**Assigned task:** Copy each record below faithfully, leaving out images.

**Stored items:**

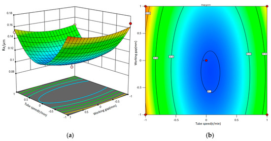 Interaction diagram of tube speed and machining gap and its impact on surface roughness. (a) Three-dimensional response surface diagram; (b) contour map.
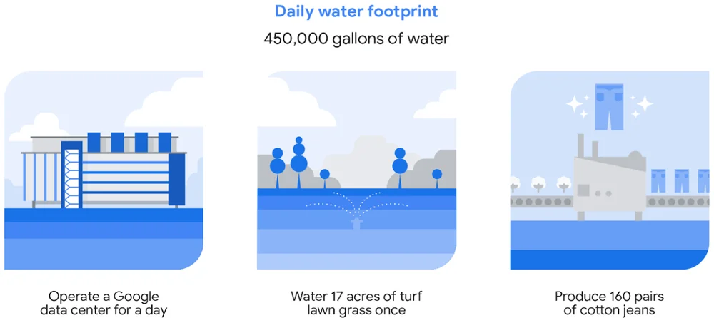 谷歌在其官网公布,2021年,谷歌数据中心平均每天消耗约45万加仑水。这大约相当于灌溉17英亩草坪一次的水量,或者种植用于生产160条牛仔裤的棉花的水量。
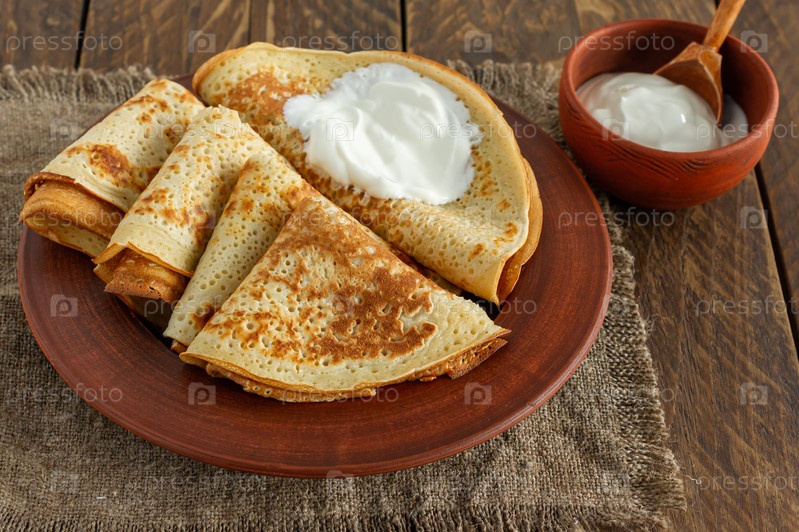 Стопка блинов или блинов на тарелке со сметаной. Традиционное блюдо русской масленичной недели. Деревянный фон
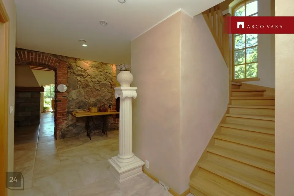 Siseviimistluses on kasutatud kvaliteetseid materjale: esimese korruse elutuba- köök- koridor on kaetud keraamilise plaadiga, söögitoa ja garderoobi põrandatel naturaalne tammelaud. Elutoas lisavad ajastu hõngu eksponeeritud maakiviseinad, laes esile toodud puittalad ning seintel kaunid vitraažvalgustid.
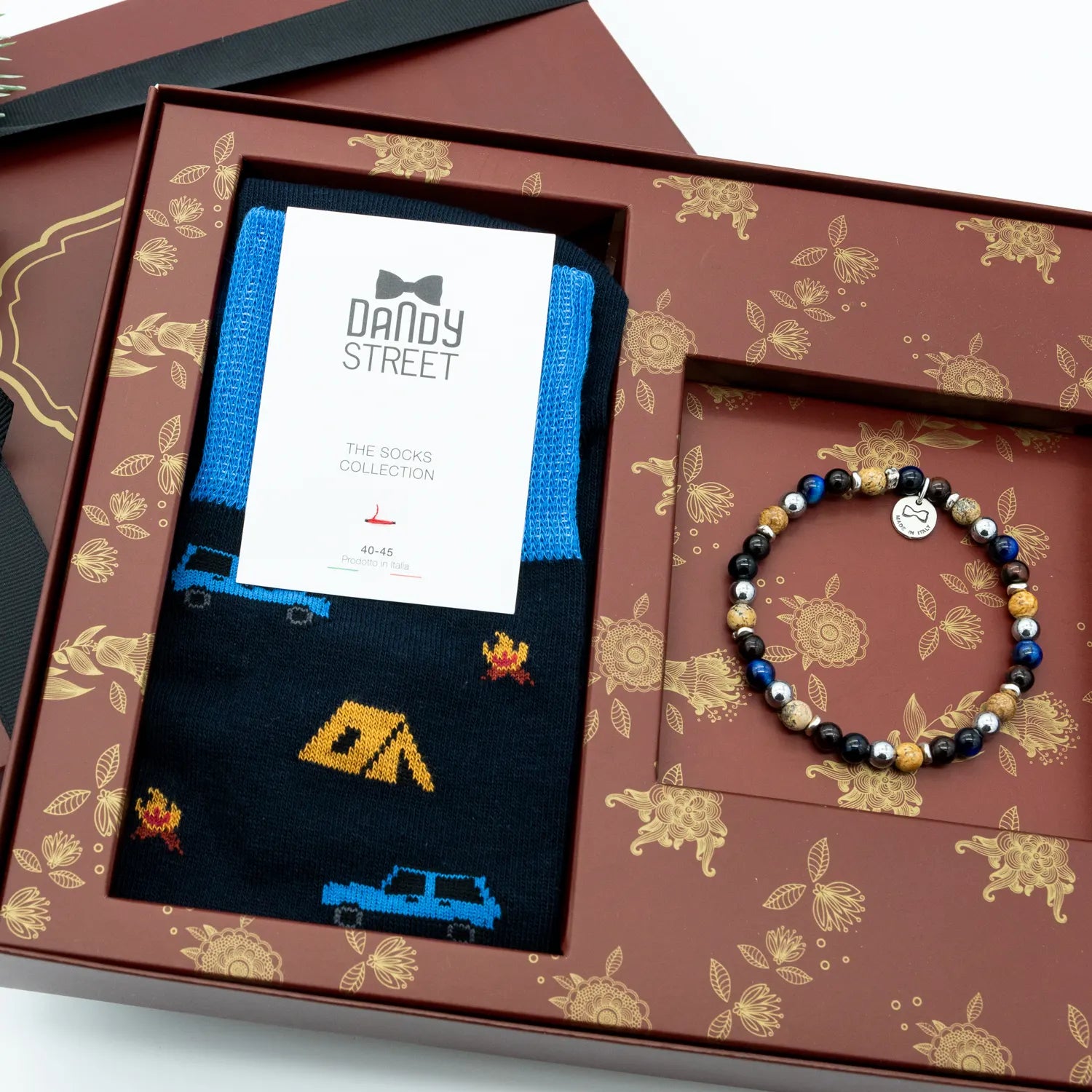 Dai voce al tuo amore durante le festività con la nostra esclusiva box da uomo, il regalo ideale per un Natale indimenticabile: all'interno troverai un sofisticato bracciale con pietre naturali, abbinato a calze artigianali italiane in cotone pregiato. La confezione, elegante e raffinata, rende questo set un dono di classe adatto a tutte le occasioni. Questa accattivante combinazione darà un tocco di stile e originalità a ogni look e farà esprimere la personalità di chi lo indossa in modo distintivo.
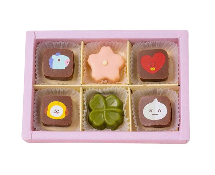 • Chocolate features (4) BT21 characters: Mang,Tata, Chimi, & Van milk chocolates, (1) sakura ganache, and (1) matcha green tea flavored chocolate.
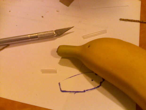Utilizando la plantilla de papel de la placa de circuito impreso, trate de averiguar donde el interruptor y LED están por debajo de la piel del plátano. Utilice su cuchillo y broca para hacer agujeros sobre el interruptor. Corte el tubo a la longitud necesaria y en el orificio.
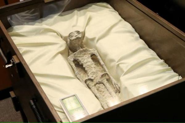 Semua orang berkerumun untuk melihat lebih baik. Mayat-mayat tersebut tampak kuno dan memiliki ciri-ciri yang sama dengan manusia: dua mata, satu mulut, dua lengan, dan dua kaki. Maussan mengklaim mereka ditemukan sekitar tahun 2017 di Peru, dekat Garis Nazca pra-Columbus.
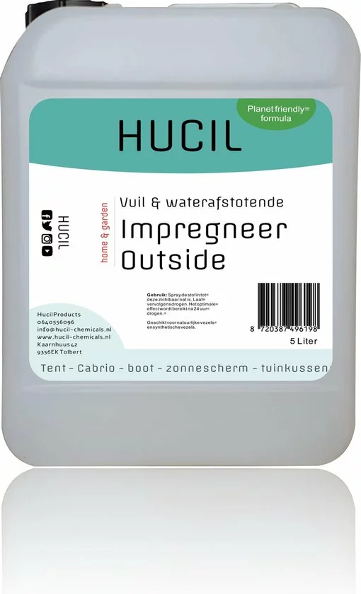 Deze fantastische impregneerspray van Hucil maakt al uw textiel vuil en waterafstotend. Daarnaast geeft dit impregneermiddel lange tijd bescherming tegen groene aanslag.
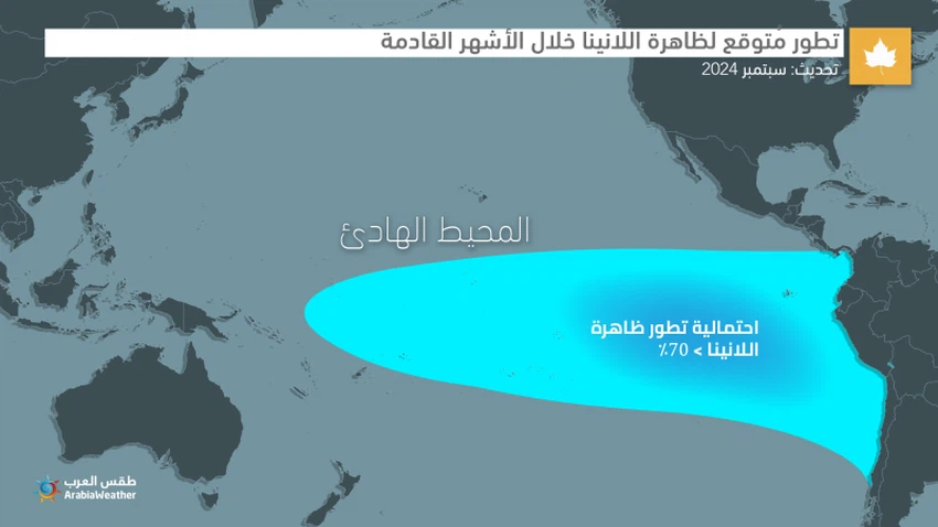 هذا الأمر، يتزامن مع ما تُشير إليه العديد من المراكز العالمية من ضمنها NOAA و التي باتت تُشير إلى تطور مُحتمل لظاهرة اللانينا خلال الخريف القادم بنسبة تتجاوز 70% و التي تعني انخفاض و تبريد دوري في درجة حرارة سطح البحر في الأجزاء الشرقية و الوسطى من المنطقة الاستوائية للمحيط الهادئ، هذه الظاهرة أيضاً ترتبط ارشيفياً بزيادة احتمالية حدوث ضعف في نشاط الدوامة القطبية خلال الموسم المطري.
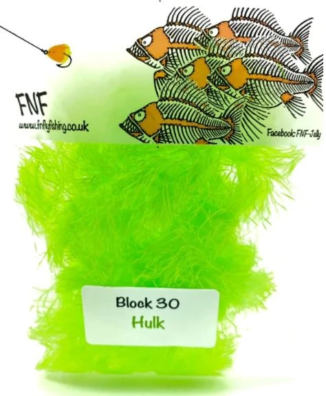 FNF have taken the original Block Jelly and increased the fibre length to 30mm for Block30 while maintaining all the great characteristics of its smaller brother. Block30 is mounted on a micro core making it very easy to use. The fibres have been cut to the smallest possible size allowing for maximum movement and more cut ends to fluoresce light. When the material is left static in the water like on the hang the fibres flair out. The use of Block fibre blended with our Jelly fibre gives Block30 its amazing characteristics.
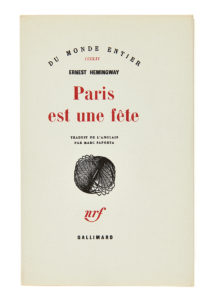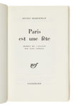 HEMINGWAY (Ernest) — Paris est une fête. — Paris, Gallimard, nrf, 1964. — In-12 (19,7 x 12,5 cm), broché, partiellement non coupé, couverture imprimée, chemise et étui de Devauchelle.

**Response for this exercise:**
 Interaction diagram of tube speed and machining gap and its impact on surface roughness. (a) Three-dimensional response surface diagram; (b) contour map.
 谷歌在其官网公布,2021年,谷歌数据中心平均每天消耗约45万加仑水。这大约相当于灌溉17英亩草坪一次的水量,或者种植用于生产160条牛仔裤的棉花的水量。
 Стопка блинов или блинов на тарелке со сметаной. Традиционное блюдо русской масленичной недели. Деревянный фон
 Siseviimistluses on kasutatud kvaliteetseid materjale: esimese korruse elutuba- köök- koridor on kaetud keraamilise plaadiga, söögitoa ja garderoobi põrandatel naturaalne tammelaud. Elutoas lisavad ajastu hõngu eksponeeritud maakiviseinad, laes esile toodud puittalad ning seintel kaunid vitraažvalgustid.
 Dai voce al tuo amore durante le festività con la nostra esclusiva box da uomo, il regalo ideale per un Natale indimenticabile: all'interno troverai un sofisticato bracciale con pietre naturali, abbinato a calze artigianali italiane in cotone pregiato. La confezione, elegante e raffinata, rende questo set un dono di classe adatto a tutte le occasioni. Questa accattivante combinazione darà un tocco di stile e originalità a ogni look e farà esprimere la personalità di chi lo indossa in modo distintivo.
 • Chocolate features (4) BT21 characters: Mang,Tata, Chimi, & Van milk chocolates, (1) sakura ganache, and (1) matcha green tea flavored chocolate.
Utilizando la plantilla de papel de la placa de circuito impreso, trate de averiguar donde el interruptor y LED están por debajo de la piel del plátano. Utilice su cuchillo y broca para hacer agujeros sobre el interruptor. Corte el tubo a la longitud necesaria y en el orificio.
 Semua orang berkerumun untuk melihat lebih baik. Mayat-mayat tersebut tampak kuno dan memiliki ciri-ciri yang sama dengan manusia: dua mata, satu mulut, dua lengan, dan dua kaki. Maussan mengklaim mereka ditemukan sekitar tahun 2017 di Peru, dekat Garis Nazca pra-Columbus.
 Deze fantastische impregneerspray van Hucil maakt al uw textiel vuil en waterafstotend. Daarnaast geeft dit impregneermiddel lange tijd bescherming tegen groene aanslag.
 هذا الأمر، يتزامن مع ما تُشير إليه العديد من المراكز العالمية من ضمنها NOAA و التي باتت تُشير إلى تطور مُحتمل لظاهرة اللانينا خلال الخريف القادم بنسبة تتجاوز 70% و التي تعني انخفاض و تبريد دوري في درجة حرارة سطح البحر في الأجزاء الشرقية و الوسطى من المنطقة الاستوائية للمحيط الهادئ، هذه الظاهرة أيضاً ترتبط ارشيفياً بزيادة احتمالية حدوث ضعف في نشاط الدوامة القطبية خلال الموسم المطري.
 FNF have taken the original Block Jelly and increased the fibre length to 30mm for Block30 while maintaining all the great characteristics of its smaller brother. Block30 is mounted on a micro core making it very easy to use. The fibres have been cut to the smallest possible size allowing for maximum movement and more cut ends to fluoresce light. When the material is left static in the water like on the hang the fibres flair out. The use of Block fibre blended with our Jelly fibre gives Block30 its amazing characteristics.
 HEMINGWAY (Ernest) — Paris est une fête. — Paris, Gallimard, nrf, 1964. — In-12 (19,7 x 12,5 cm), broché, partiellement non coupé, couverture imprimée, chemise et étui de Devauchelle.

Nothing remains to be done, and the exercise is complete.